En el monasterio se muere como se vive, decía él. Así de simple es su testimonio monástico. Murió honesto, transparente, humilde, obediente, sin quejarse; se le ha llamado Testigo insobornable de vida monástica. Así era él. Es cierto que tenía un marcado afán por las costumbres y tradiciones. Basten estos curiosos detalles: en su corte de pelo llevaba la antigua tonsura de los monjes, a modo de corona o cerquillo. Desde los 13 años no conoció más prenda de vestir que el hábito cisterciense, que llevaba puesto incluso en el momento de morir. Siempre durmió vestido, y en su habitación en la enfermería lo hacía sobre una tabla, cubierta por una finísima esponja y una manta. No permitía otro ajuar en su cama; así hasta un mes antes de su muerte. Era ordenado y limpio. Pero, a pesar de este sentido tradicional y austero, era un hombre pacífico y tolerante; manifestaba abiertamente lo que pensaba. A su mentalidad jurídica —era doctor en Derecho Canónico— unía una extraordinaria sensibilidad. Sabía llorar con los que lloran y reír con los que ríen. El Beato Rafael escribió de su confesor que éste lo despidió con lágrimas en los ojos cuando tuvo que dejar el monasterio.

VENERADO POR TODOS


Con el paso de los años sus gestos seguían siendo naturales. Su misma persona era un encanto familiar de hermano venerado por todos. Siempre recordaré su espontaneidad en el sacramento del perdón; después que me absolvía se levantaba sonriente y me daba un abrazo de paz.
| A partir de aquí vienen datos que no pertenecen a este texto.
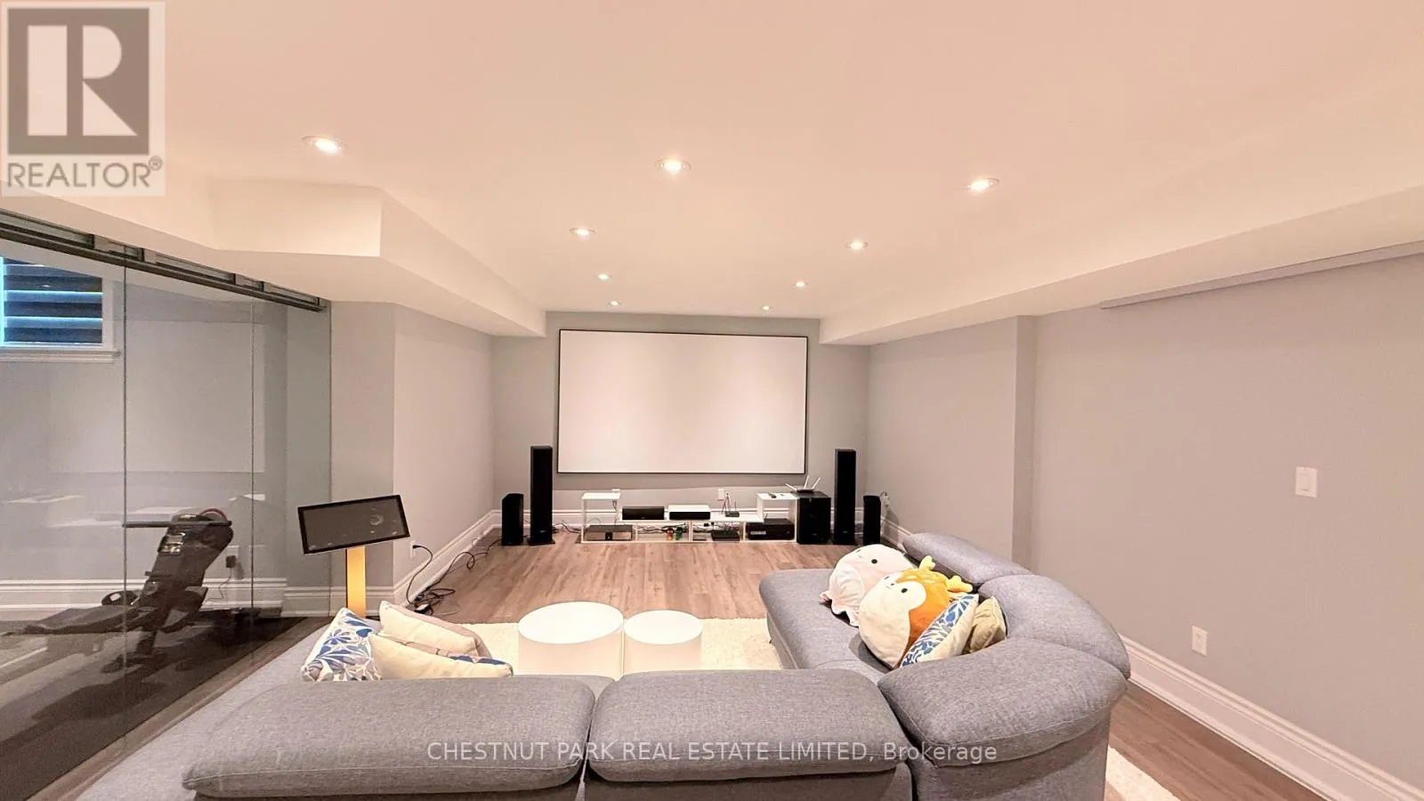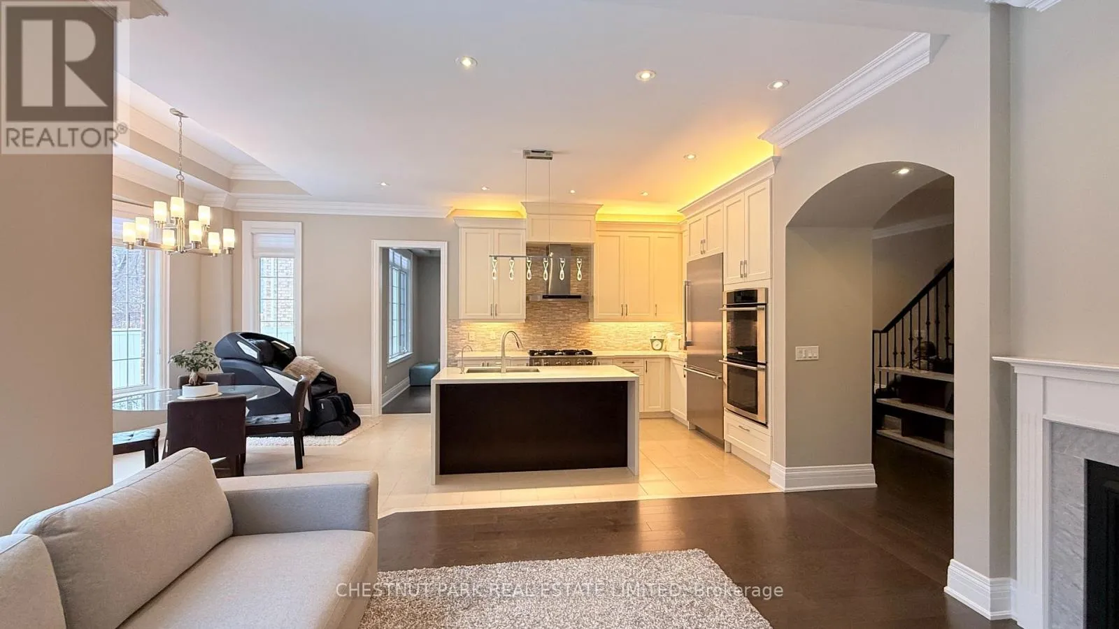 Bathurst & Major Mackenzie Stunning luxury home in Upper Thornhill Estates! This 5+2 bedroom, 6-bath residence sits on a 50ft120ft premium lot backing onto a serene conservation area, providing unobstructed private ravine views through expansive windows. Nestled on a quiet crescent surrounded by ponds and trails, it's steps to top schools, parks, shops, GO Transit, golf courses, and major highways. Zoned for St.ThereseofLisieuxCatholicH.S., ranked #1 in Ontario.Offering over 5,450sqft of total living space (3,760sqft above grade), the home features 10ft ceilings on the main level, extended doors and windows, and 9ft ceilings upstairs. The grand foyer opens with a custom 42" woodgrain fiberglass entry door accented by wrought iron.The gourmet kitchen showcases Thermador and Electrolux built-in appliances, custom cabinetry, a quartz waterfall island, and under-cabinet lighting. Additional features include a main floor office, hardwood flooring throughout, smooth ceilings, HunterDouglas Silhouette shades on the main level, and vinyl shutters upstairs. Premium finishes include elegant lighting, LED pot lights, crystal chandeliers, crown moulding, and one-piece Toto toilets.The primary suite offers a spa-inspired 6-piece ensuite, three-sided fireplace, a wellness den with ravine views, and his-and-hers walk-in closets. The professionally finished basement (2017) is perfect for entertaining with a home theatre featuring a 120" projector screen and sound system, wet bar, games area, gym or 7th bedroom enclosed by glass, a guest bedroom, built-in bookcase, and a 3-piece bath.A generous mudroom with garage access, custom built-ins, and large closets enhances everyday convenience. The professionally landscaped exterior includes a driveway with Unilock Courtstone pavers, a backyard with Flagstone pavers, a PVC fence, RainBird Wi-Fi irrigation, and a designer garden bordered by six mature evergreens. (id:27476)

Hacía tiempo que su memoria y orientación fallaban, pero llamaba la atención que sus palabras seguían siendo lúcidas y acertadas cuando confesaba a los monjes. En la enfermería solamente tenía un interés: seguir a sus hermanos ¿Qué hace ahora la comunidad, dónde está? Fue su pregunta habitual de enfermo.

La gracia del Espíritu Santo estaba en él. Podemos leer en su vida signos de ser un predilecto del Señor. El día 13 de noviembre, fiesta de Todos los santos que siguieron la Regla de san Benito, el padre Teófilo estaba en un sillón, rodeado de hermanos jóvenes; me acerqué a él, respiraba entrecortadamente y con su mirada me lo dijo todo. Comencé las oraciones para el último momento; miré el reloj, eran las tres en punto de la tarde; en ese mismo momento, con suavidad, se durmió para siempre en la misericordia del Señor.

Al día siguiente, monseñor Rafael Palmero, obispo de Palencia, presidió la celebración exequial. Nuestro obispo le tenía un gran cariño. En su homilía nos dijo que si ayer celebrábamos a Todos los santos cistercienses, en el cielo faltaba uno; por eso fue a reunirse con ellos nuestro querido y venerado padre Teófilo.